- **Problem requirements**
Word for word, copy the data that follows and skip its pictures.
[Recorded data]
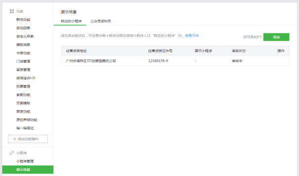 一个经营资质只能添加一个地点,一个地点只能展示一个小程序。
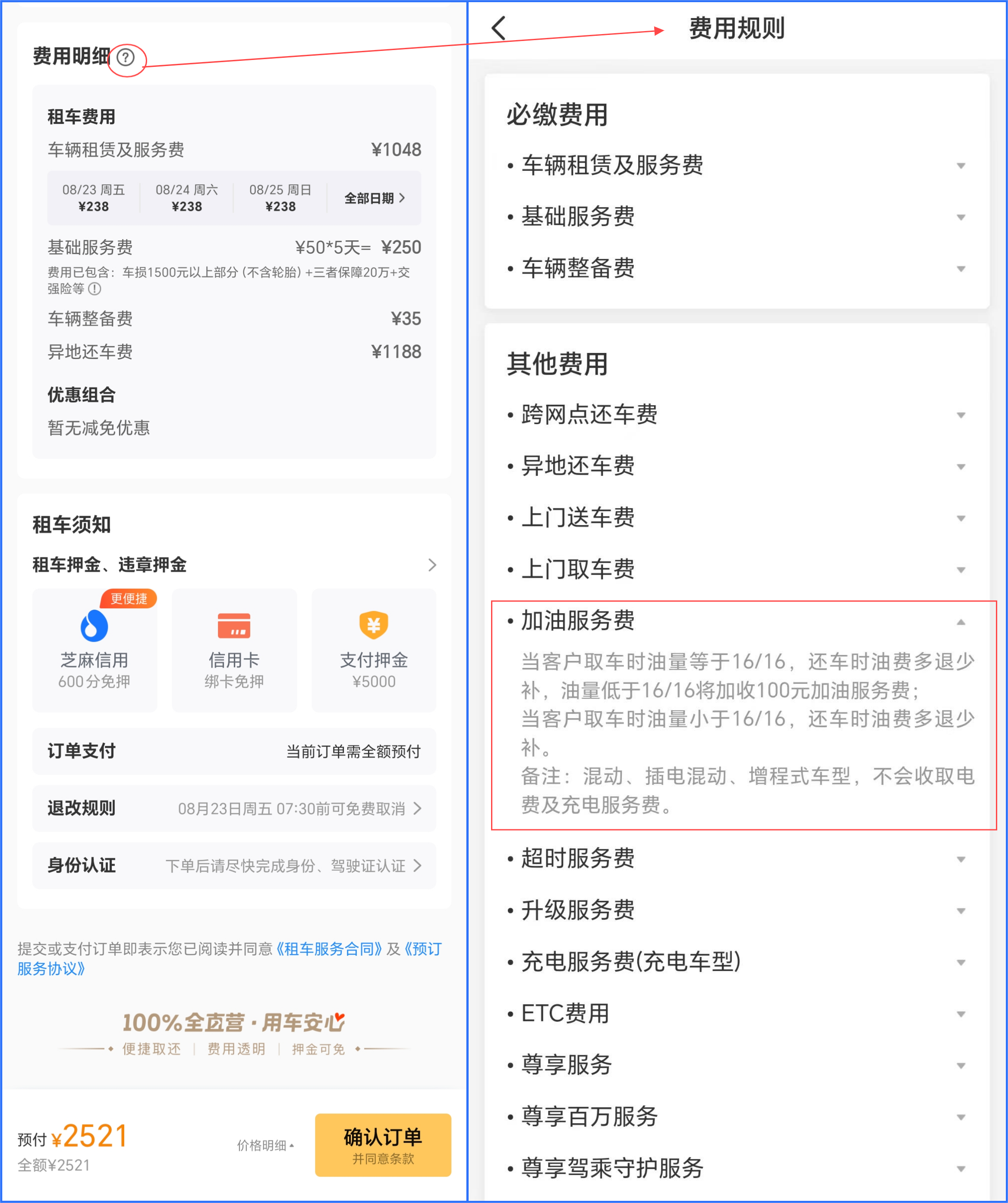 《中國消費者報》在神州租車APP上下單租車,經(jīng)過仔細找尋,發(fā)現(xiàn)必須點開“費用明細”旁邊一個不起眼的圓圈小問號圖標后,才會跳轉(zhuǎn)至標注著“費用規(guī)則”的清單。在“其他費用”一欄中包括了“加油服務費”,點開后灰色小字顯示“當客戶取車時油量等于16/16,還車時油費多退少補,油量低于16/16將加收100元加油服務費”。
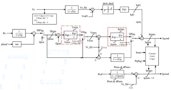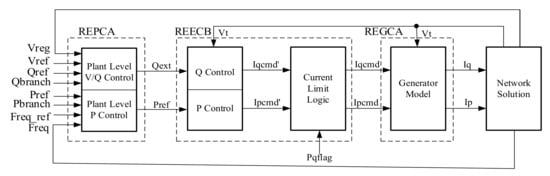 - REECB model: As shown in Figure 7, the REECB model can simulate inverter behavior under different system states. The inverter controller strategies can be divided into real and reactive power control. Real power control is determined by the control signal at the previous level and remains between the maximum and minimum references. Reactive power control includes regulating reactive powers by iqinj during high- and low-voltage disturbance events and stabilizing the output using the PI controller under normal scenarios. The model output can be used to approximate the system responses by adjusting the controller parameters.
[/Recorded data]
- **The completed task**
 一个经营资质只能添加一个地点,一个地点只能展示一个小程序。
 《中國消費者報》在神州租車APP上下單租車,經(jīng)過仔細找尋,發(fā)現(xiàn)必須點開“費用明細”旁邊一個不起眼的圓圈小問號圖標后,才會跳轉(zhuǎn)至標注著“費用規(guī)則”的清單。在“其他費用”一欄中包括了“加油服務費”,點開后灰色小字顯示“當客戶取車時油量等于16/16,還車時油費多退少補,油量低于16/16將加收100元加油服務費”。
 - REECB model: As shown in Figure 7, the REECB model can simulate inverter behavior under different system states. The inverter controller strategies can be divided into real and reactive power control. Real power control is determined by the control signal at the previous level and remains between the maximum and minimum references. Reactive power control includes regulating reactive powers by iqinj during high- and low-voltage disturbance events and stabilizing the output using the PI controller under normal scenarios. The model output can be used to approximate the system responses by adjusting the controller parameters.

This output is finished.